Для чеховского человековедения, по мысли А. Чудакова, показательно отсутствие типов (на манер Собакевича или Обломова) и воспроизведение человеческой индивидуальности «со всем ее багажом» (стр. 300), то есть и в ее характерности, и в ее случайных проявлениях. Вывод этот нельзя принять без оговорок. На наш взгляд, Чехов изображал человека по-разному, и к какому-то одному знаменателю, к одной установке его образотворчество не сводимо. Между Чеховым и Гоголем дистанция, конечно же, значительная, и тем не менее гоголевская традиция создателю «Человека в футляре» была небезразлична. Исследователь расценивает упомянутый рассказ как исключение из правила, но как быть тогда с «Печенегом», «Крыжовником», «Душечкой», где герои портретируются в той же «концентрированно-типической манере» и если что меняется, то лишь степень концентрации? Не много ли исключений? Видимо, Чехову-художнику в принципе необходимо впечатление, обратное зафиксированному А. Чудаковым, – впечатление подчеркнутой, сплошной «отобранности». Да и там, где перед нами не тип, а иная, неконцентрированно изображенная фигура, «багаж» ее варьируется. В портрете героини рассказа «Анна на шее» не обнаружить сгущения красок, и, однако, опять-таки – ничего «лишнего», только «отобранные», только психологически мотивированные подробности. Доктору Старцеву («Ионыч») всегда подают «лафит N 17», и внешне ненужный номер по-своему усиливает обрисовку героя как человека, живущего окостеневшими привычками.

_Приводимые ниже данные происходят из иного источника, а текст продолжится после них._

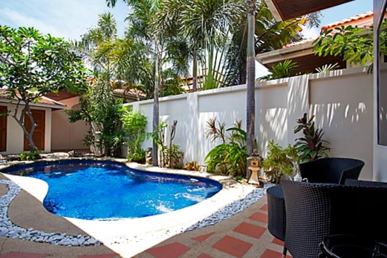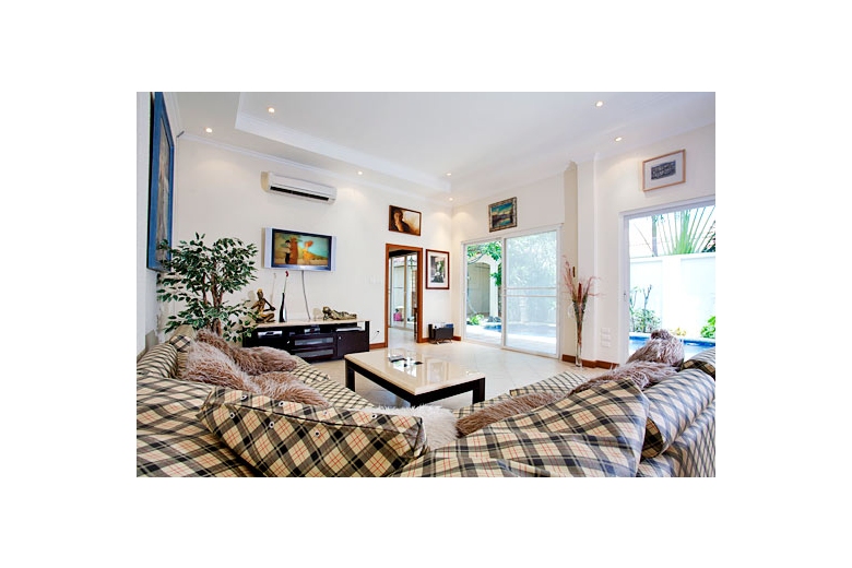 There are some properties that successfully merge a perfect holiday location with luxury and affordable rental rates – and Baan Tawan 2 is the pinnacle for this criteria. Just 500 meters from Cosy Beach at the convenient Pratumnak Hill area, ideally positioned between both Pattaya and Jomtien, this is the perfect holiday location for singles, couples and small families alike. The villa is situated on a private yet quaint estate with just four other villas with overnight security. Surrounded by a tall perimeter wall that aids superb seclusion and privacy, Baan Tawan 2 is a place you can relax around the pool on the cosy garden without prying eyes. Immediately when you walk through the entrance doors to the garden, you will feel at home within the warm embrace of this excellent Pattaya rental home. You will see the private swimming pool with its adjoining covered terrace area, which is ideal for taking that relaxing drink. You can access the main living and bedroom areas from the garden through the surrounding patio doors. The villa was designed in an L-shape format that clings poolside from every area. The villa has two bedrooms, two ensuite bathrooms, spacious and luxurious ling and dining areas, and a European standard kitchen ideal for self-catering.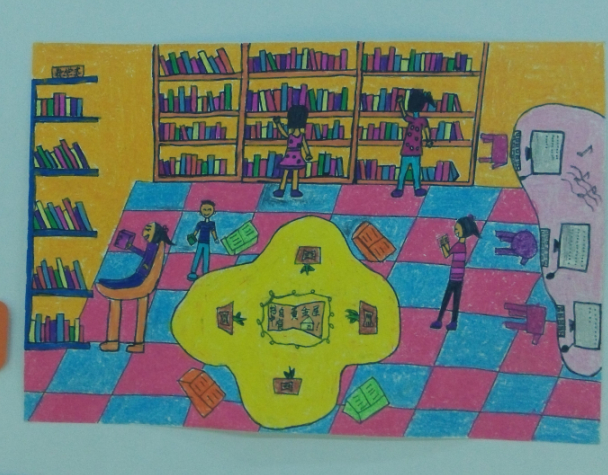 前一阵子我们参加了我心目中的图书馆的绘画活动,点点说要参加活动,于是我们就一起画了一个作品,我们心目中的图书馆,然后我们画的作品在星期天的时候送去图书馆了,点点送去的时候还有点舍不得呢,我说到时候会展出的,我们还可以看见我们的作品的。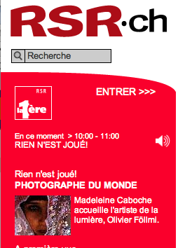 Olivier Föllmi sur Radio Suisse Romande Ajouté le novembre 30, 2009 à 9:30 Olivier Föllmi est l’invité de Madeleine caboche, dans l’émission « Rien n’est joué », sur Radio Suisse Romande, à écouter aujourd’hui en direct, de 10 à 11 h, ou à podcaster ! http://www.rsr.ch/la-1ere/rien-n-est-joue/selectedDate/30/11/2009#20091130-photographe-du-monde
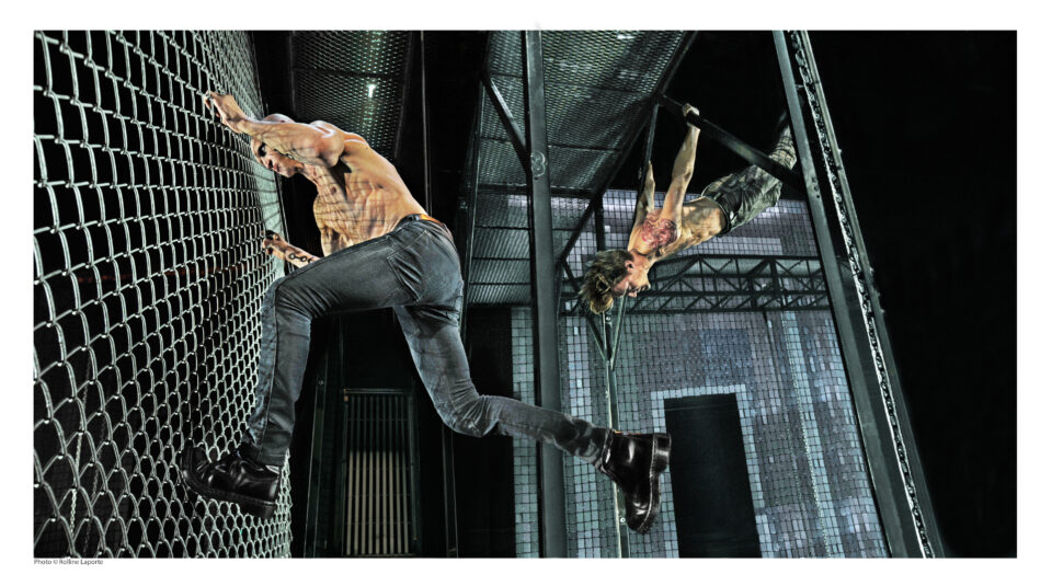 L’actualisation de l’œuvre a bien sûr été menée dans la cage originelle, qui continue d’être le troisième partenaire de la chorégraphie. Cette structure métallique faite de barrières, de couchettes et de passages au-dessus de la scène est beaucoup plus qu’un décor. Les danseurs s’y suspendent autant qu’ils s’y confrontent. Ils la brassent et la font résonner pour évacuer drames et frustrations. Exploités au maximum de leurs potentiels et selon les sections chorégraphiques, les différents éléments évolutifs de la cage servent d’appuis ou de frontières (entre les deux interprètes, leurs cellules et leur cour intérieure, tout comme entre eux et nous: le public).

Персонажи чеховских пьес, общаясь, раскрываются «не целиком», в соприкосновение нередко входят «не все сферы личности партнеров, а лишь отдельные и часто неглавные» (стр. 312). Это так. Но возводить подобное общение к отсутствию в личности «оформленного ядра», к тому, что для Чехова «личность прежде всего цепь автономных состояний» (стр. 311), – по меньшей мере опрометчиво. Без «ядра», без целостности вообще нет личности, и поэтому «автономные состояния» не могут быть ее конститутивным содержанием. Кроме того, по отношению к Чехову формулировка излишне категорична. Во-первых, не везде у Чехова изображаются именно состояния, и во-вторых, в сюжете они чаще всего не автономны, а взаимосвязаны и не лишены общего корня («не случайны»). Из чеховской прозы (из «Скучной истории», к примеру) можно почерпнуть весомые тому подтверждения. Концептуальная идея то и дело влечет исследователя к преувеличениям: где правомерно обобщать в ограниченных пределах, там выводы претендуют на всеобъемлющее, универсальное значение (как следствие, неприемлемая тенденция низводится до исключения, до частности). При этом зачастую неизбежно смещаются измерения, пропорции исследуемого объекта.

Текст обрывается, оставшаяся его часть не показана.